[Stored items]
★ ★ ★ ★

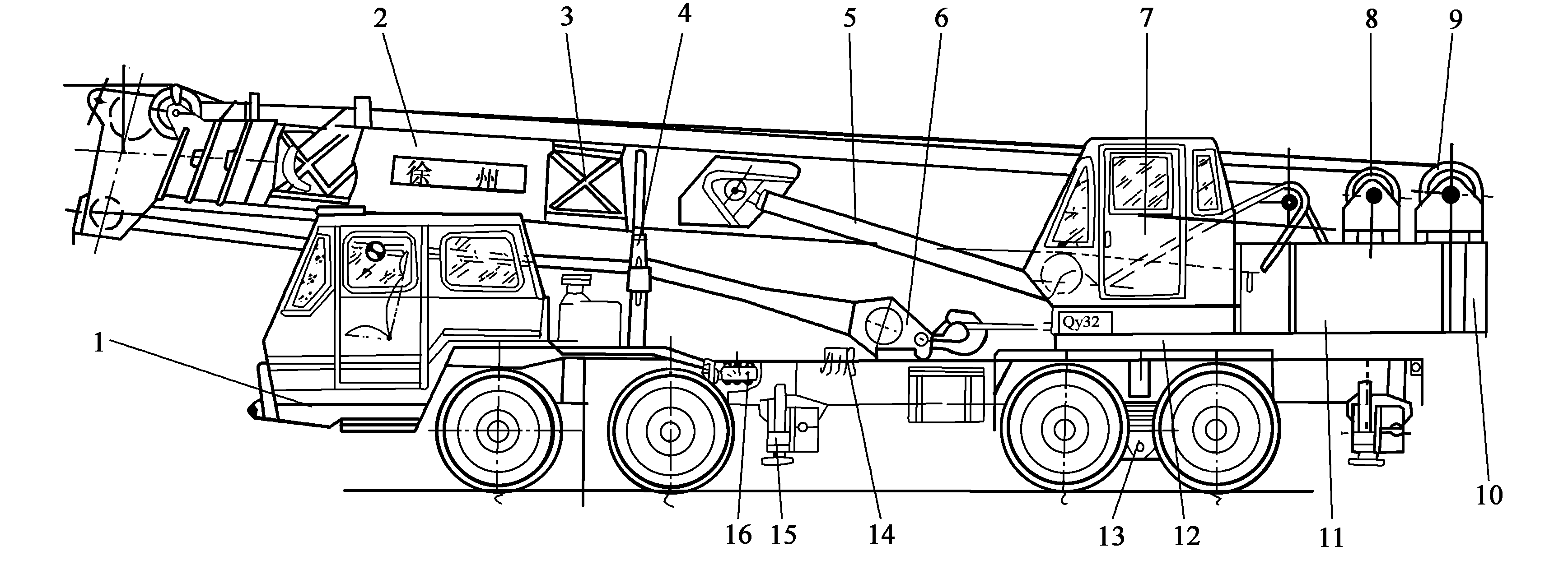 1汽車底盤;2主吊臂;3副臂;4吊臂支架;5變幅油缸;6主吊鉤;7駕駛室;8副卷揚機;9主卷揚機;10配重;
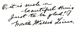 Edith Willis Linn Forbes (née, Willis; after first marriage, Linn; after second marriage, Forbes; pen name, E. W. L.; February 19, 1865 – September 29, 1945) was an American poet and writer. Active in clubs,[1] she founded the Rochester Poetry Society, and served as president. Forbes contributed to The Christian Register, the Cottage Hearth, the Christian Union, the Boston Transcript, Godey's Lady's Book, Peterson's Magazine, the Kew Moon, the Century, and other prominent periodicals. Forbes published a volume of Poems in 1891. Her poem "Restless Heart Don't Worry So," was translated into French, Russian and German, widely circulated in England and the U.S. and set to music by three different composers.[2]
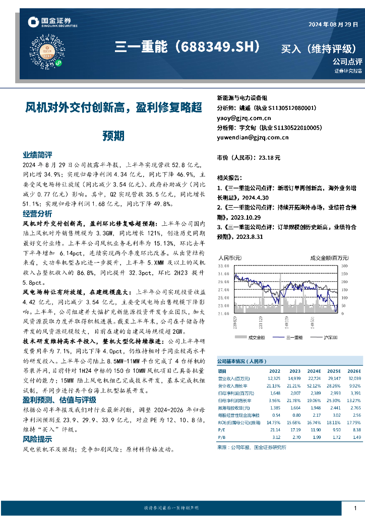 国金证券:三一重能(688349)-风机对外交付创新高,盈利修复略超预期.pdf
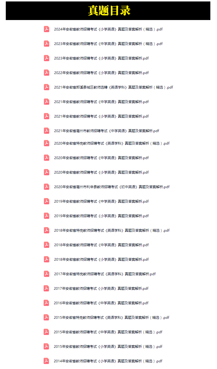 2014年-2024年安徽省教师招聘考试英语学科专业知识笔试真题24套
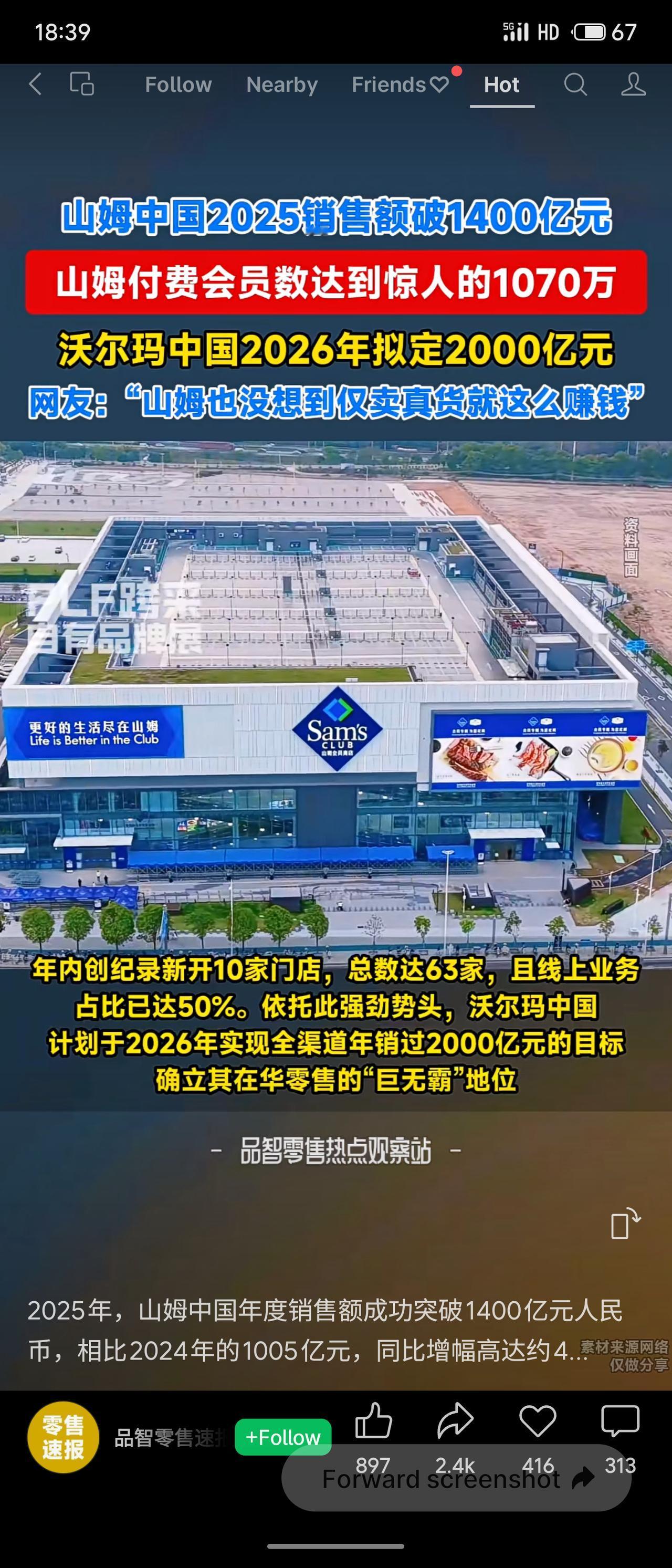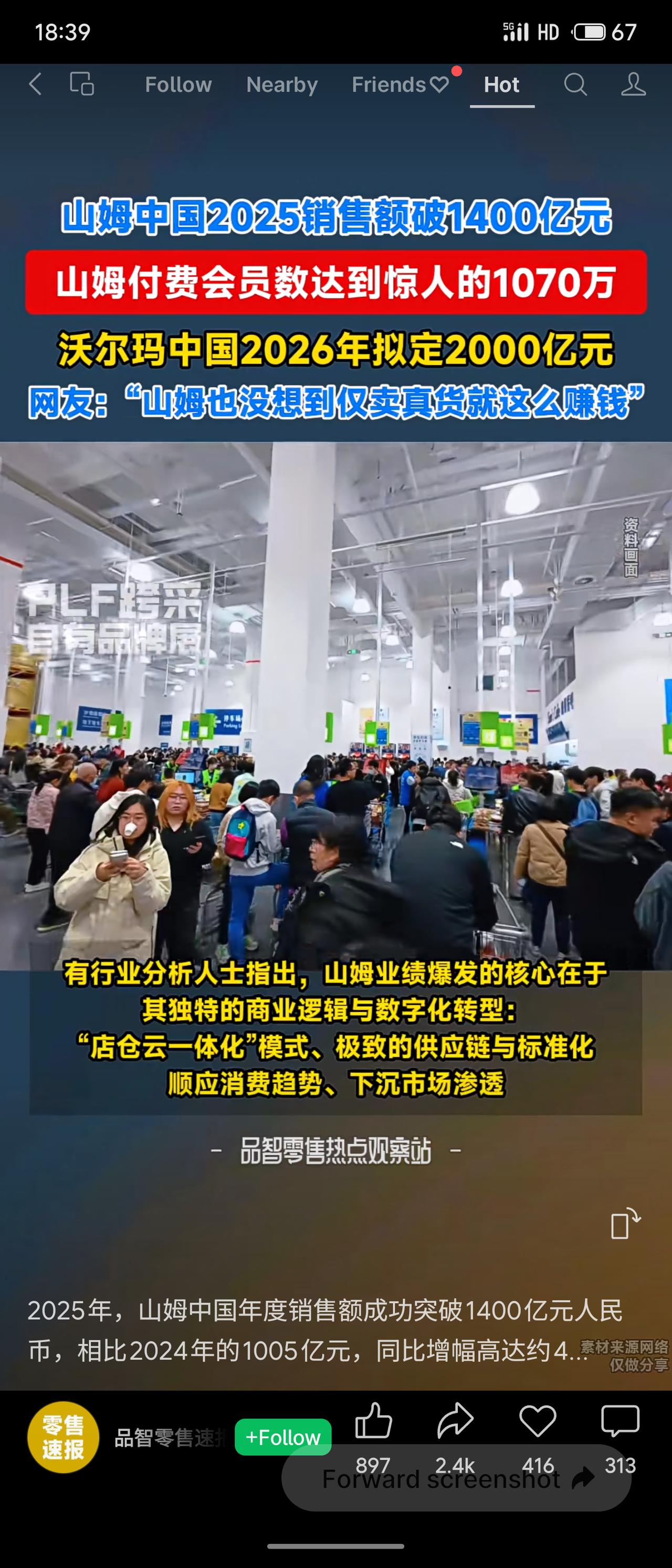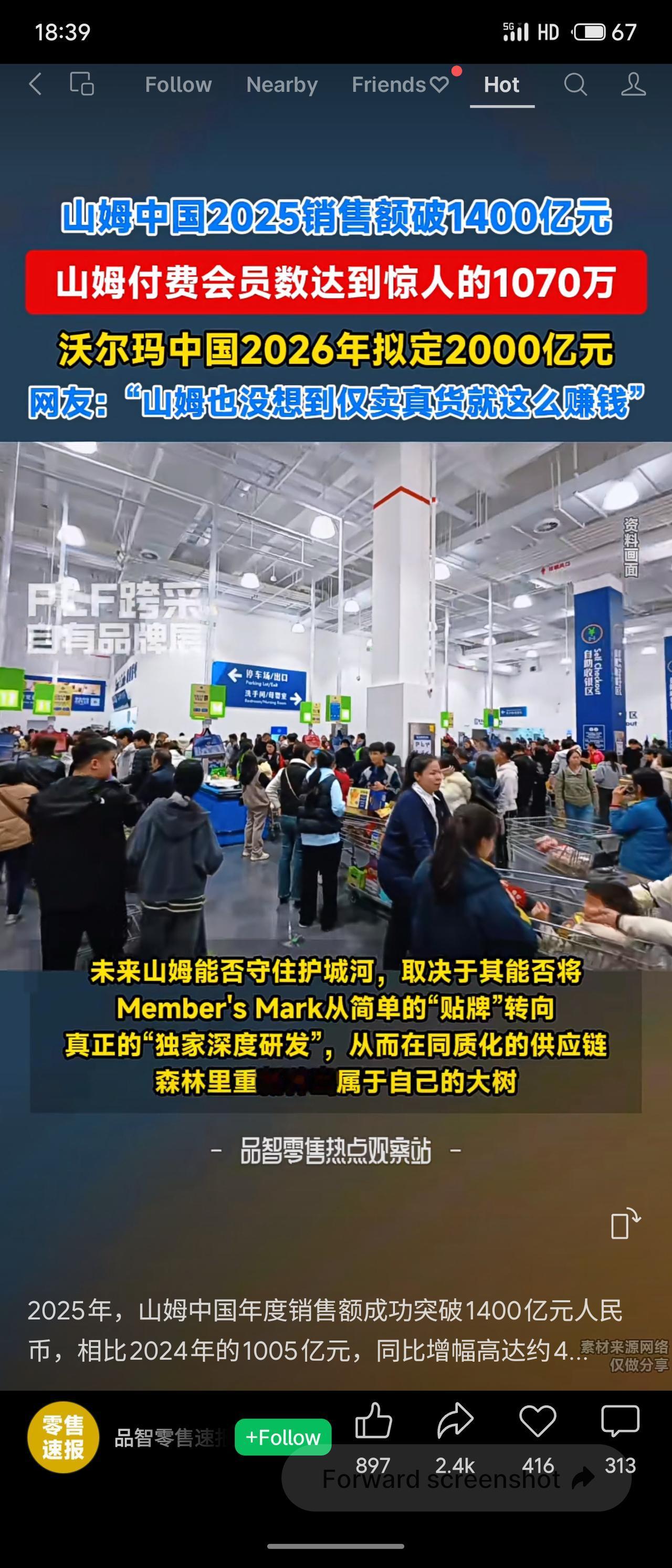 2025年,山姆中国销售额突破1400亿元,同比增约40%,付费会员达1070万,人均年消费1.31万元。其成功得益于“店仓云一体”模式、强大供应链及下沉市场拓展。沃尔玛中国更计划2026年冲击2000亿元全渠道目标。 山姆凭借会员制与差异化商品构筑了深厚护城河,业绩亮眼。但规模快速扩张也对其持续创新与维持会员价值提出考验,未来需从供应链效率转向真正的独家研发能力。
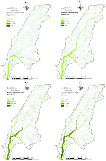 Figure 20 shows the spatial distribution of deposition depth increase under the baseline and climate change scenarios. Similar increase patterns were observed between the simulated cases, with a larger deposition depth increase located in the middle and downstream of river channels. Deposition depth increase was highest in the main channel as expected, and increased with increasing return periods indicated by dark green areas in Figure 20.
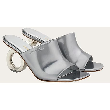 • Salvatore Ferragamo Women's Astro Elina 70MM Silver Leather Slides Shoes
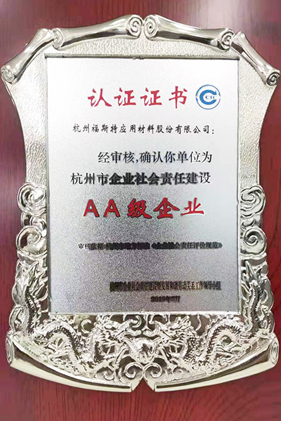 福斯特通過杭州市企業社會責任建設AA級企業認定
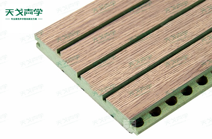 天戈防潮槽木吸音板是一種在密度板的正面開槽、背面穿孔的狹縫共振吸音材料。防潮槽木吸音板對吸聲頻譜選擇性很強,對中低頻有很好的吸聲性能。若在吸聲結(jié)構(gòu)后空腔填入適量的吸聲棉可提高中、高頻吸聲效果,標準化模塊設(shè)計,采用插槽、龍骨結(jié)構(gòu),安裝簡易,常用于墻面或天花裝飾。
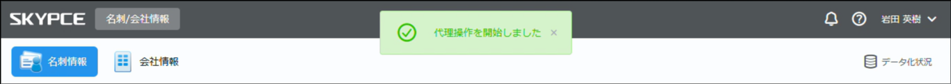 代理操作が開始されると、画面にメッセージが表示され、ログイン中のユーザー名に委任者の名前が表示されます。
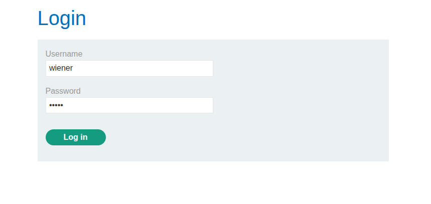 Let’s connect to the account using the credentials provided by PortSwigger: wiener:peter, as shown in the following image.
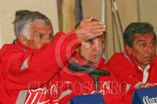 MÉXICO, D.F., 15MARZO2010.- Roberto Mansur, presidente ejecutivo del los Diablos Rojos, Max "Mako" Oliveras, manager, y Roberto Castellon, gerente deportivo de los Diablos Rojos del Mexico, ofrecieron una conferencia de prensa donde presentaron su roster con el que actuarán en la temporada 2010, de la Liga Mexicana de Beisbol (LMB). FOTO: SAÚL LÓPEZ/CUARTOSCURO.COM
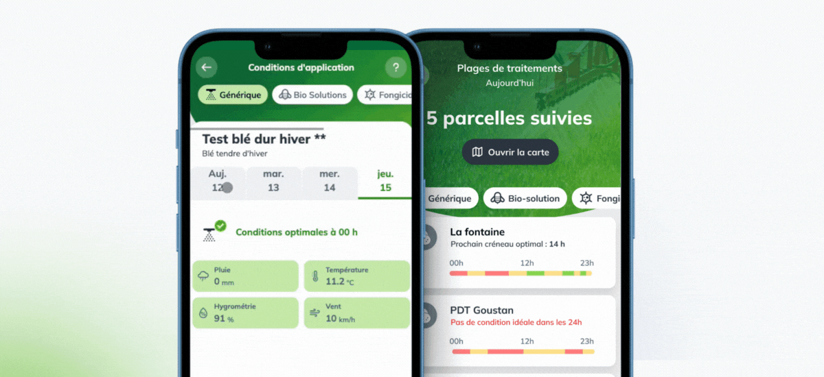 Ne vous laissez plus surprendre par la météo, notamment grâce aux alertes : par exemple en cas de risque de gel, de maladie ou encore lorsque les conditions sont optimales pour aller traiter.
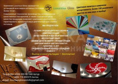 Установка натяжных потолков в Бишкеке по самым приемлемым ценам, быстро, качественно +996 555 00-75-88 Артур
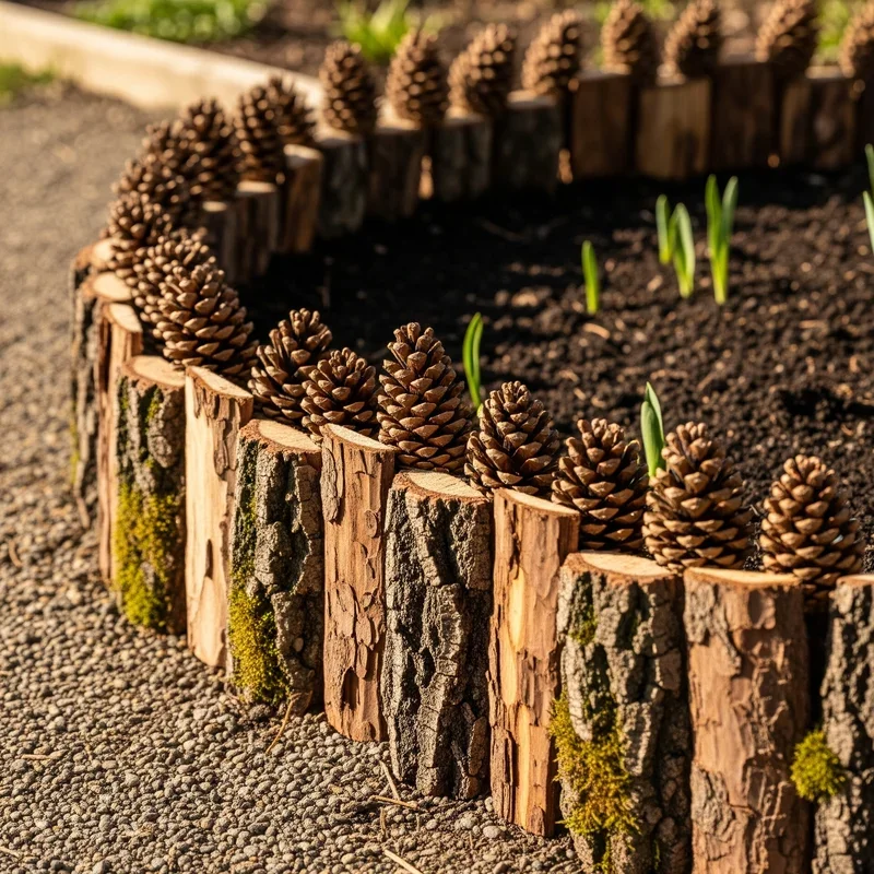 Gather pine cones, bark chunks, and other forest floor materials for borders that smell as good as they look. These lightweight materials work perfectly for temporary or seasonal edging you can change with moods or garden evolution. Large pine cones stood on end create textured borders that catch rain and slowly release moisture to nearby plants. Mix different cone types and sizes for varied textures that prevent monotony along longer borders. The natural browns blend seamlessly with mulch while providing clear definition between lawn and beds. As organic materials, they decompose slowly, enriching soil and supporting mycorrhizal fungi networks that benefit plant health. This free edging solution simply requires collection time and works especially well in woodland or native plant gardens where it enhances naturalistic themes.
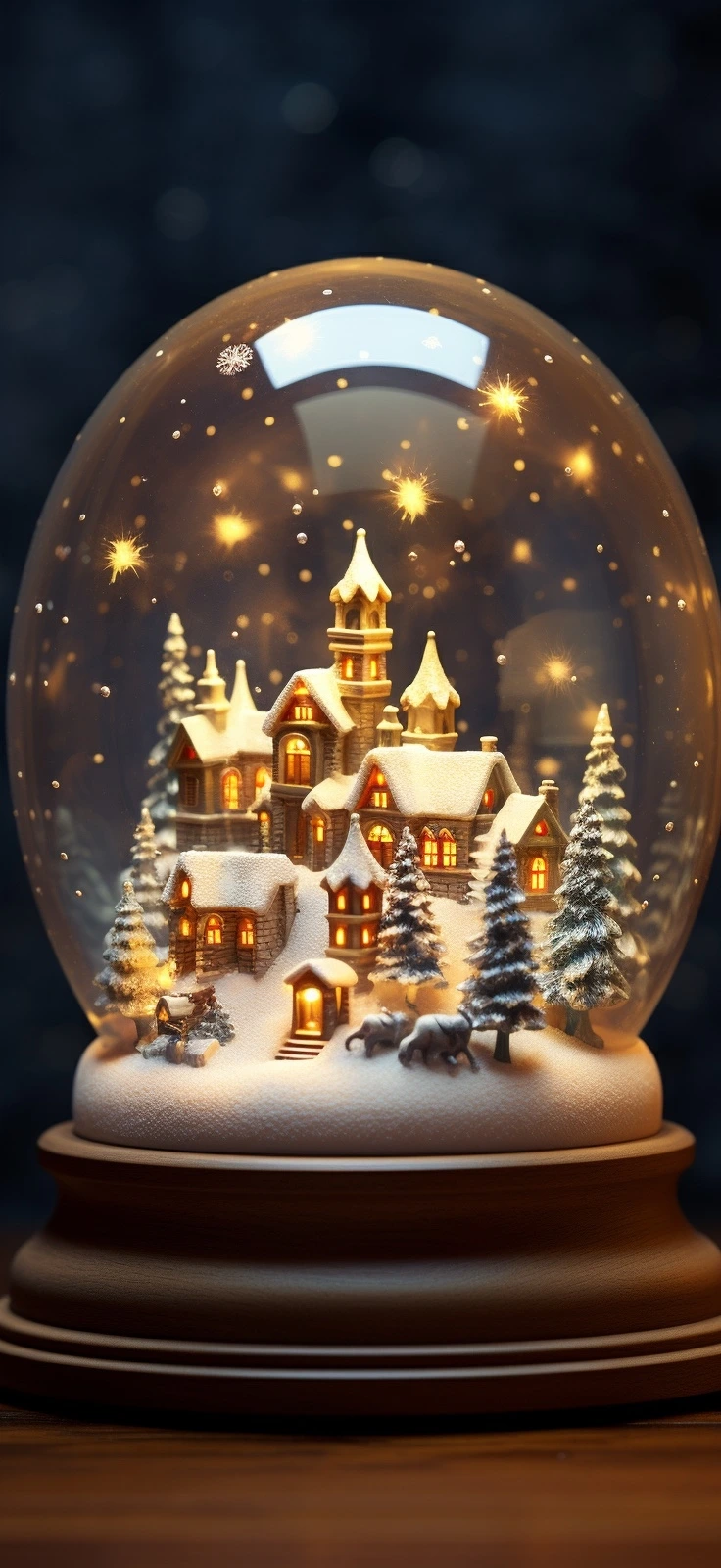 크리스마스 아이폰 배경화면 1: 스노우 글로브 안의 마을
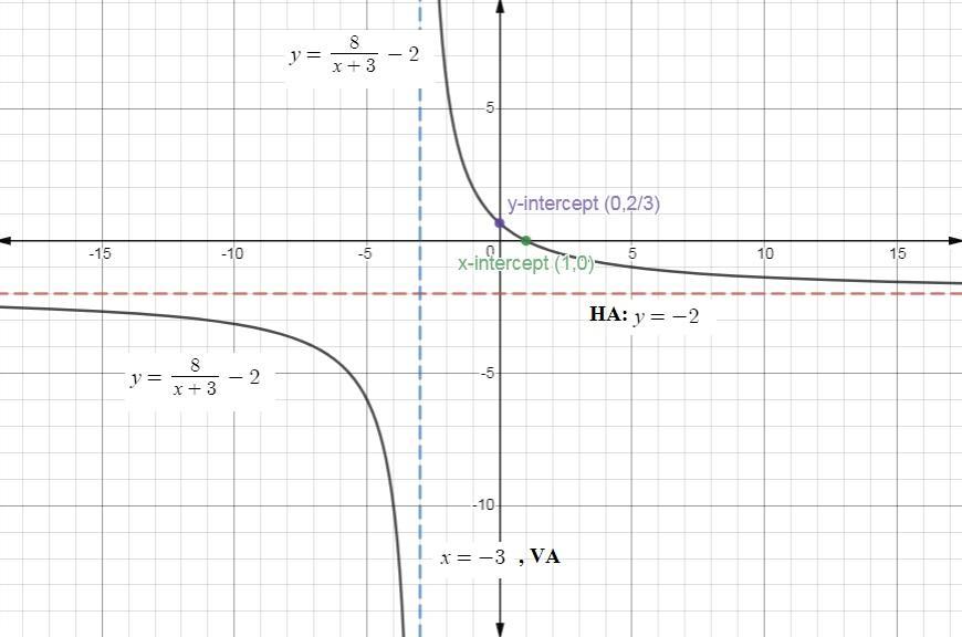 Sketch the asymptote and graph the function y=8/(x+3)-2

★ ★ ★ ★

• **Your goal**
Beginning with the line above that contains "Установка натяжных потолков" and finishing with the line that contains "Gather pine cones, bark", print those lines exactly and only. Skip all pictures.

• **Answer to this task**
 Установка натяжных потолков в Бишкеке по самым приемлемым ценам, быстро, качественно +996 555 00-75-88 Артур
 Gather pine cones, bark chunks, and other forest floor materials for borders that smell as good as they look. These lightweight materials work perfectly for temporary or seasonal edging you can change with moods or garden evolution. Large pine cones stood on end create textured borders that catch rain and slowly release moisture to nearby plants. Mix different cone types and sizes for varied textures that prevent monotony along longer borders. The natural browns blend seamlessly with mulch while providing clear definition between lawn and beds. As organic materials, they decompose slowly, enriching soil and supporting mycorrhizal fungi networks that benefit plant health. This free edging solution simply requires collection time and works especially well in woodland or native plant gardens where it enhances naturalistic themes.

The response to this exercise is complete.